Coach Parseghian agrees to Rudy's request to suit up for one home game in his senior year so his family and friends can see him as a member of the team. However, Parseghian steps down as coach following the 1974 season. Dan Devine succeeds him in 1975 and honors Parseghian's promise only after a player protest. Led by senior team captain and All-American Roland Steele, the other seniors rise to his defense and lay their jerseys on Devine's desk, each requesting that Rudy be allowed to dress in their place. In response, Devine lets Ruettiger appear for the final home game, against Georgia Tech.

At the final home game, Steele invites Ruettiger to lead the team out of the tunnel onto the playing field. As the game comes to an end, and Notre Dame is ahead, Devine sends all the seniors to the field, but refuses to let Rudy play, despite the pleas from Steele and the assistant coaches.

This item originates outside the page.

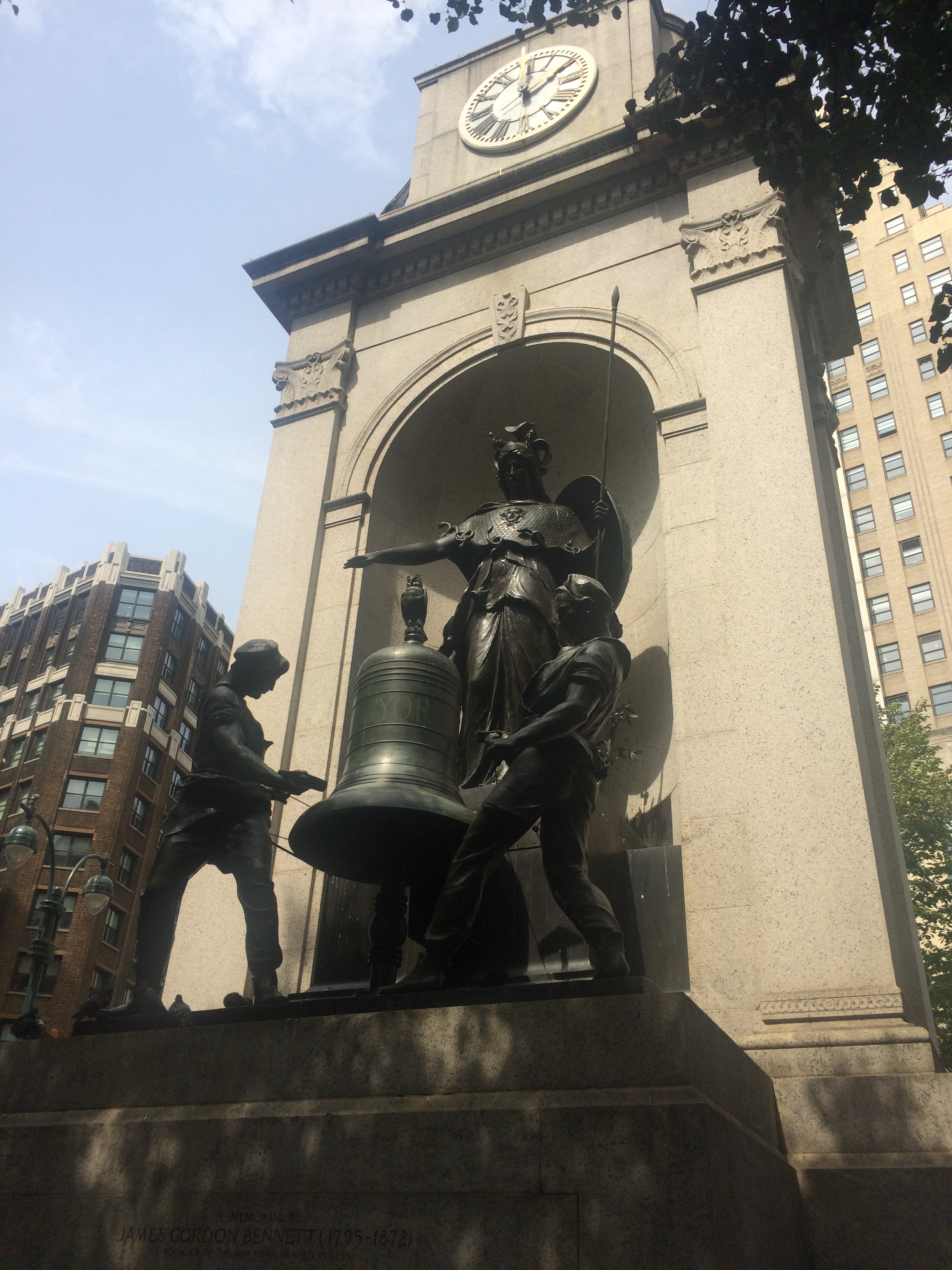 Standing at the center of Herald Square, this statue is a memorial to the founder of the New York Herald, James Gordon Bennett (1795-1872), and his son, James Gordon Bennett (1841-1918). The inscription on the base reads: "The bronze figures of Minerva and the bell ringers are the work of Antonin Jean Carles. They stood from 1895 to 1921 above the cornice of James Gordon Bennet's New York Herald building on the north side of Herald Square and tolled the active hours to the millions. In 1928 they were given by William T. Dewart, publisher of the New York Sun, to New York University through whose generosity in 1939 they entered on permanent loan, the care of the Department of Parks of the City of New York that they may be here restored to their original area of pleasant service and to their place in the hearts of our citizens. Funds for their restoration were provided by subscription of business organizations whose lives are deep rooted in the neighborhood of Herald Square."

As a "Rudy!" chant spreads from the Notre Dame bench into the stadium, and the offensive team, led by tailback Jamie O'Hare, overrules Devine's call for victory formation and they score another touchdown instead. Devine finally lets Rudy enter the field with the defensive team on the final kickoff. He stays in for the final play of the game, sacks the Georgia Tech quarterback, and to cheers from the stadium, is carried off the field on the shoulders of his teammates.